Start of Given data

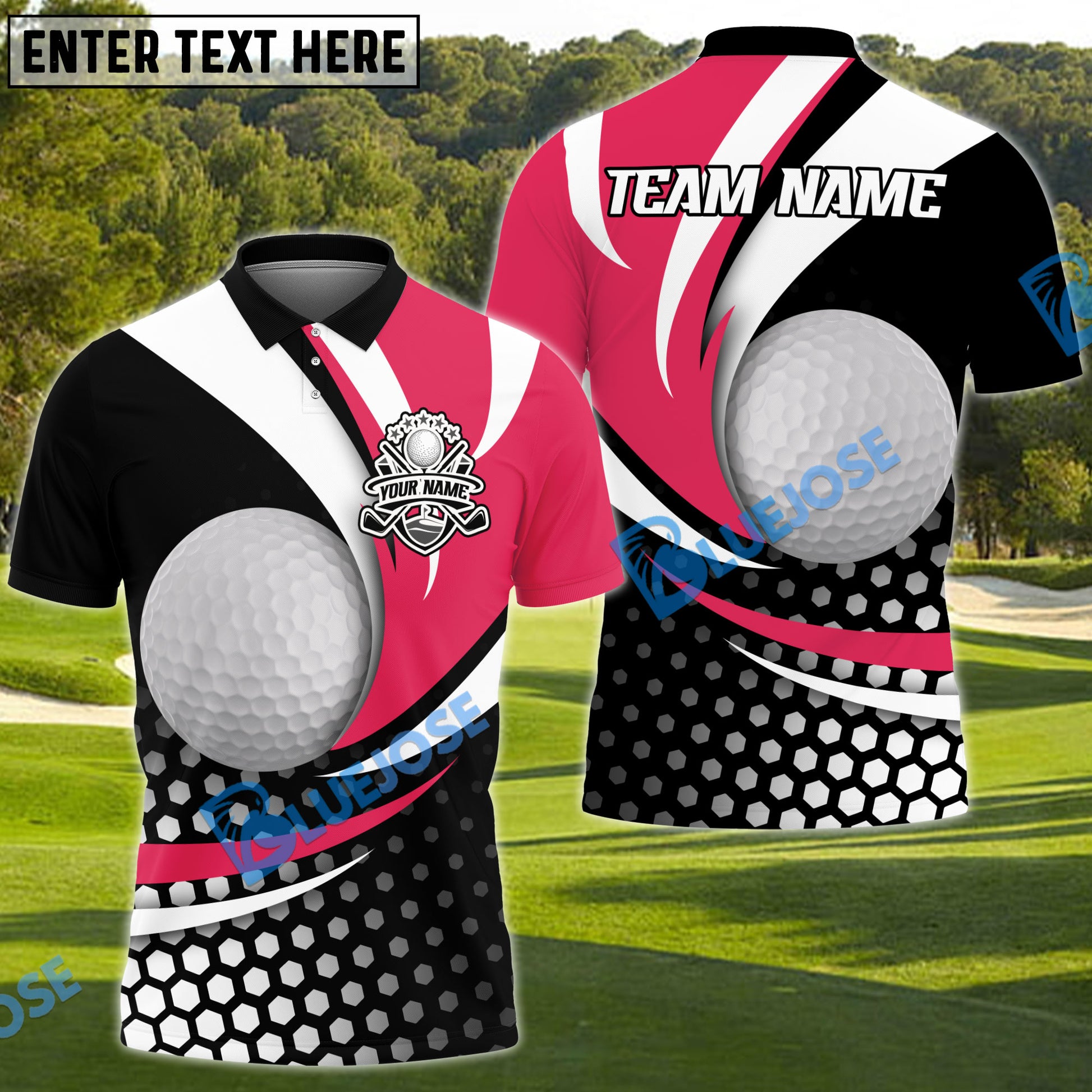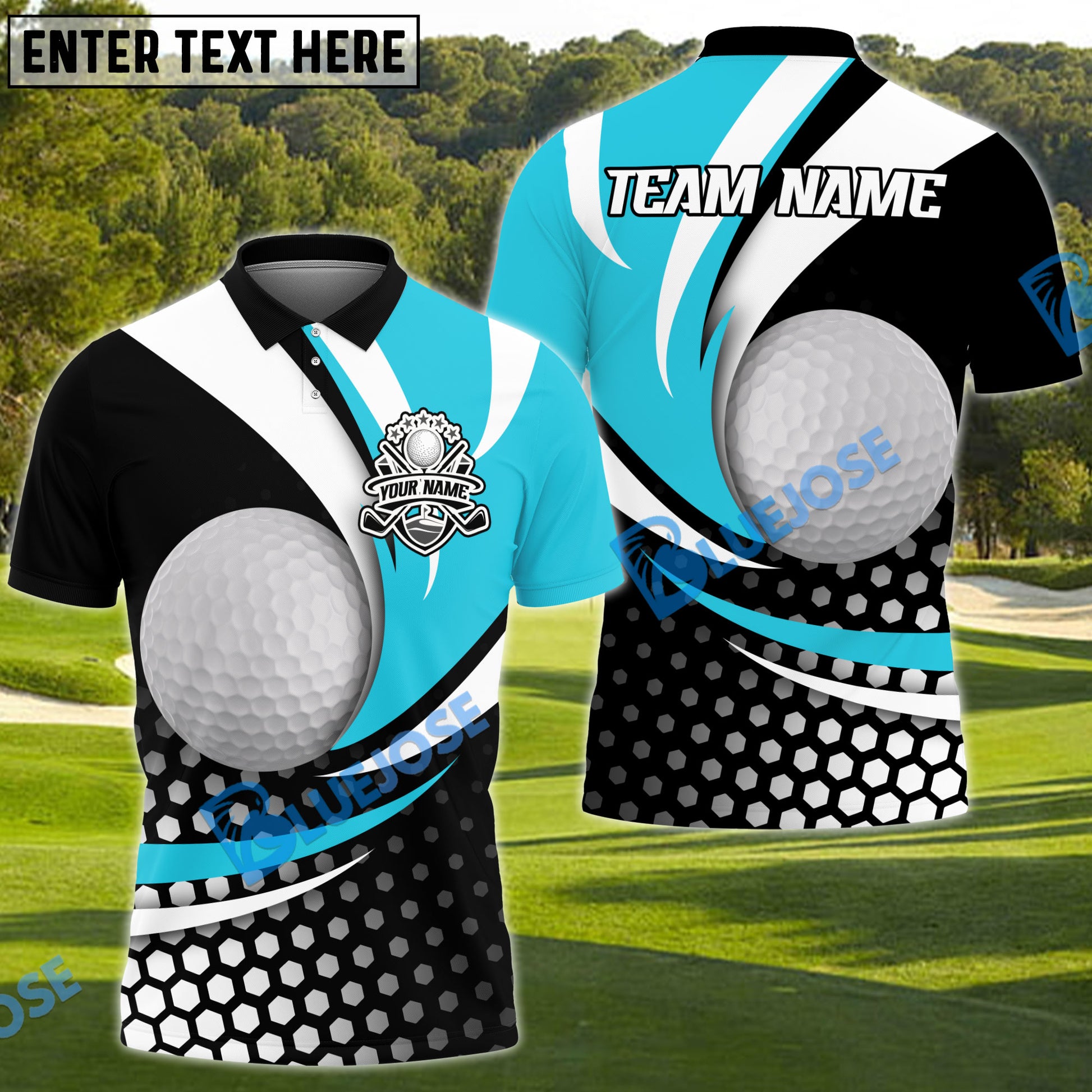 BlueJose Golf Curved Dot Pattern Customized Name, Team Name 3D Shirts (4 Colors)
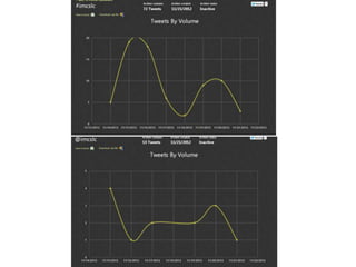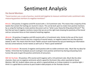 The document analyzes social media metrics for the IMC SLC program across Twitter, Facebook, and YouTube. It finds that while sentiment is mostly neutral, there is room to increase positive sentiment by posting more conversational content. Influencer analysis reveals top influencers who could help promote the program more. Volume analysis shows peaks that could be leveled out. Content analysis examines popular keywords relating to program activities. A benchmark analysis found IMC SLC to have more active social media presence than comparable programs.
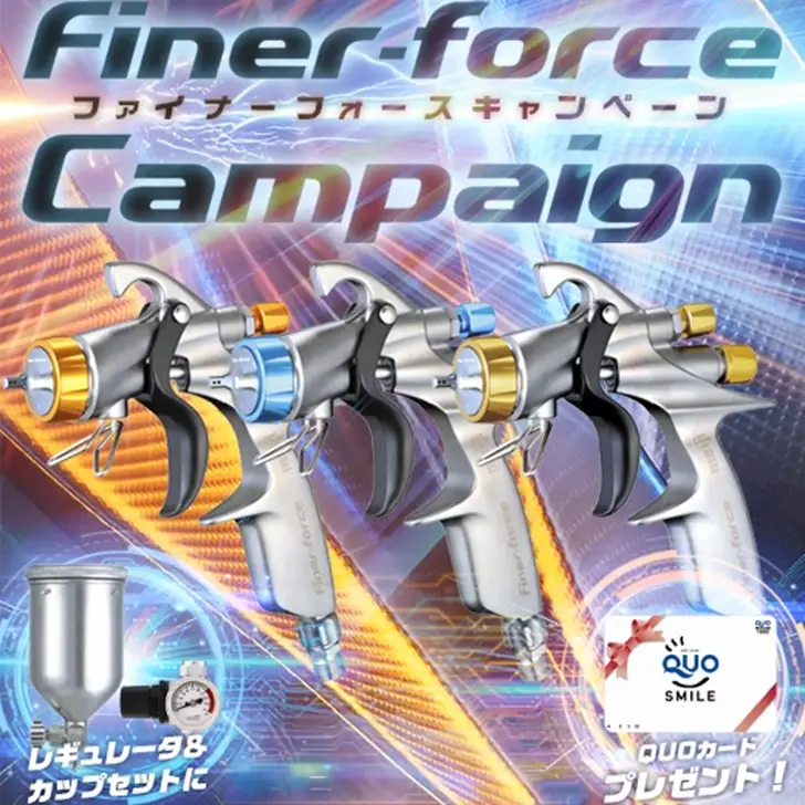 セール中! 明治機械製作所 自動車補修専用スプレーガン ファイナーフォース FINER FORCE +カップ4GF-U +レギュレターMAR 3点セット QUOカード1000円分付き
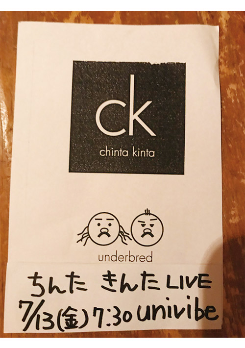 チンタキンタ LIVE @ univibe7月13日(金)open 18:00start 19:30music charge 1,500yen
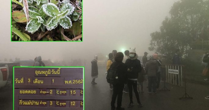 เชียงใหม่ 3 ธ.ค.- หนาวได้อีก! นักท่องเที่ยวเชียงใหม่ยังตื่นตาหลังปีใหม่บนดอยอินทนนท์ แม่คะนิ้งจับยอดหญ้า อุณหภูมิ -2 องศาฯ นายวสันต์ จันทร์เทพ ผู้ช่วยหัวหน้าอุทยานแห่งชาติดอยอินทนนท์ อ.จอมทอง จ.เชียงใหม่ เปิดเผยว่า เช้านี้ (3 ม.ค.) อุณหภูมิต่ำสุดยอดดอย -2 องศาเซลเซียส เกิดปรากฏการณ์น้ำค้างแข็งหรือแม่คะนิ้งบริเวณจุดชมวิว กม.ที่ 43-45 ให้นักท่องเที่ยวได้ชมอย่างต่อเนื่องและเก็บภาพความประทับใจหลังเทศกาลปีใหม่ ท่ามกลางไอหมอก ขณะที่กิ่วแม่ปานอุณหภูมิต่ำสุด 3 องศาฯ และที่ทำการอุทยานฯ 8 องศาฯ ส่วนจำนวนนักท่องเที่ยวในพื้นที่หลังปีใหม่เริ่มเบาบางเหลือประมาณ 7,600 คน ต่างจากก่อนช่วงเทศกาลเนืองแน่นมาก เพราะส่วนใหญ่เดินทางกลับไปทำงาน.-สำนักข่าวไทย
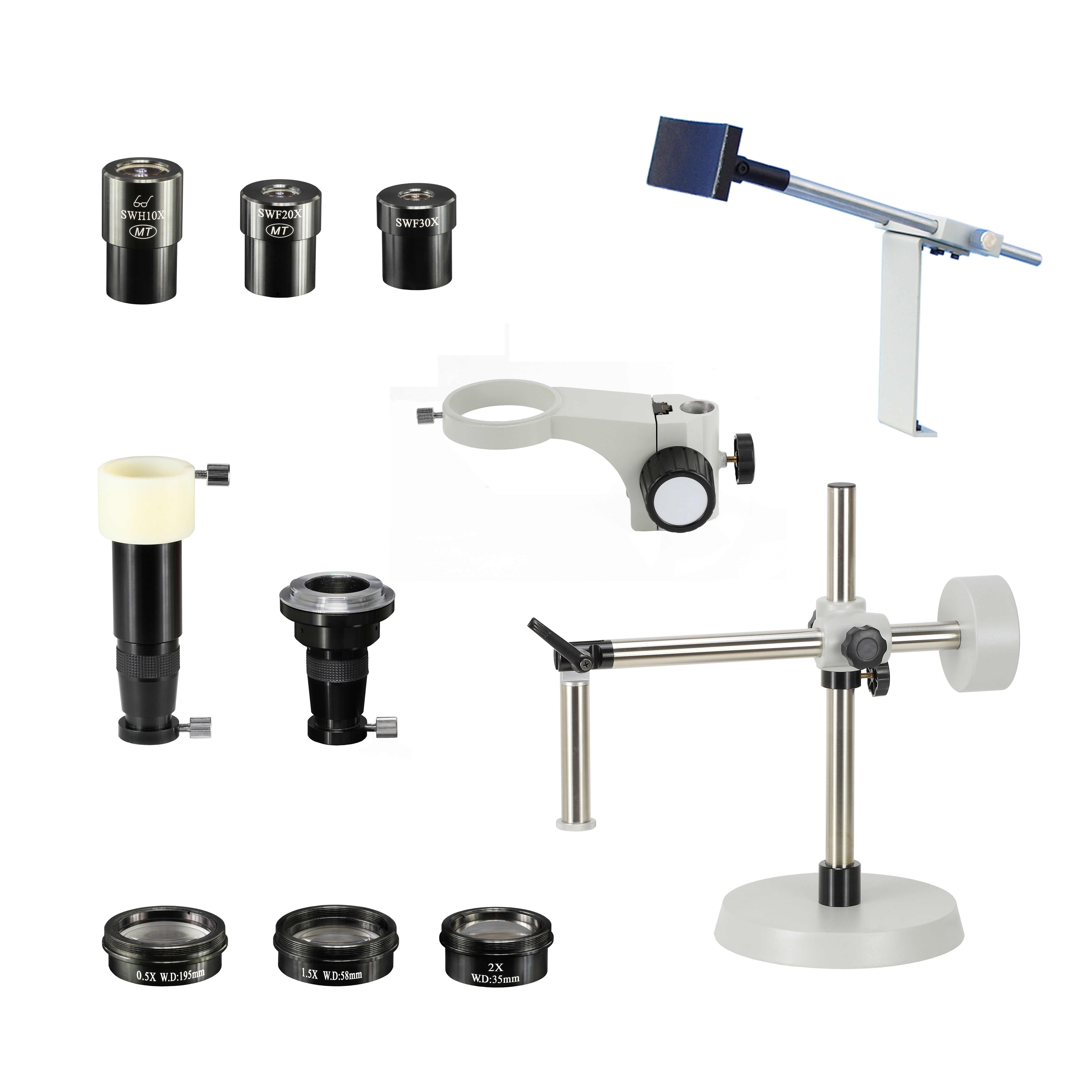 為滿足現(xiàn)代生物研究,半導體和其它科技工業(yè)領域不同場合的使用要求,體視顯微鏡按模塊化設計,有多種萬能支架,底座組,工業(yè)綁定用升降組,目鏡,測微目鏡,附加物鏡,攝影攝像、數(shù)碼照相裝置,機械載物臺等附件可供選擇。
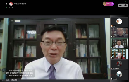 本网讯(通讯员唐瑞雪)4月28日晚,应五楼自拍 陈波教授邀请,台湾大学哲学系苑举正教授做了“卢梭的政治哲学”系列讲座的第一讲,主题为“对于政治现实的反省”。本次讲座由五楼自拍 陈波教授主持,陕西师范大学哲学与政府管理五楼自拍 宋宽锋教授评议,学术志平台直播,来自国内外的200余名听众参加了此次线上讲座。

End of Given data

=== Problem ===
The reply is to be all the records above, transcribed exactly, with no pictures.

=== Answer to this exercise ===
 BlueJose Golf Curved Dot Pattern Customized Name, Team Name 3D Shirts (4 Colors)
 The document analyzes social media metrics for the IMC SLC program across Twitter, Facebook, and YouTube. It finds that while sentiment is mostly neutral, there is room to increase positive sentiment by posting more conversational content. Influencer analysis reveals top influencers who could help promote the program more. Volume analysis shows peaks that could be leveled out. Content analysis examines popular keywords relating to program activities. A benchmark analysis found IMC SLC to have more active social media presence than comparable programs.
 セール中! 明治機械製作所 自動車補修専用スプレーガン ファイナーフォース FINER FORCE +カップ4GF-U +レギュレターMAR 3点セット QUOカード1000円分付き
 チンタキンタ LIVE @ univibe7月13日(金)open 18:00start 19:30music charge 1,500yen
 เชียงใหม่ 3 ธ.ค.- หนาวได้อีก! นักท่องเที่ยวเชียงใหม่ยังตื่นตาหลังปีใหม่บนดอยอินทนนท์ แม่คะนิ้งจับยอดหญ้า อุณหภูมิ -2 องศาฯ นายวสันต์ จันทร์เทพ ผู้ช่วยหัวหน้าอุทยานแห่งชาติดอยอินทนนท์ อ.จอมทอง จ.เชียงใหม่ เปิดเผยว่า เช้านี้ (3 ม.ค.) อุณหภูมิต่ำสุดยอดดอย -2 องศาเซลเซียส เกิดปรากฏการณ์น้ำค้างแข็งหรือแม่คะนิ้งบริเวณจุดชมวิว กม.ที่ 43-45 ให้นักท่องเที่ยวได้ชมอย่างต่อเนื่องและเก็บภาพความประทับใจหลังเทศกาลปีใหม่ ท่ามกลางไอหมอก ขณะที่กิ่วแม่ปานอุณหภูมิต่ำสุด 3 องศาฯ และที่ทำการอุทยานฯ 8 องศาฯ ส่วนจำนวนนักท่องเที่ยวในพื้นที่หลังปีใหม่เริ่มเบาบางเหลือประมาณ 7,600 คน ต่างจากก่อนช่วงเทศกาลเนืองแน่นมาก เพราะส่วนใหญ่เดินทางกลับไปทำงาน.-สำนักข่าวไทย
 為滿足現(xiàn)代生物研究,半導體和其它科技工業(yè)領域不同場合的使用要求,體視顯微鏡按模塊化設計,有多種萬能支架,底座組,工業(yè)綁定用升降組,目鏡,測微目鏡,附加物鏡,攝影攝像、數(shù)碼照相裝置,機械載物臺等附件可供選擇。
 本网讯(通讯员唐瑞雪)4月28日晚,应五楼自拍 陈波教授邀请,台湾大学哲学系苑举正教授做了“卢梭的政治哲学”系列讲座的第一讲,主题为“对于政治现实的反省”。本次讲座由五楼自拍 陈波教授主持,陕西师范大学哲学与政府管理五楼自拍 宋宽锋教授评议,学术志平台直播,来自国内外的200余名听众参加了此次线上讲座。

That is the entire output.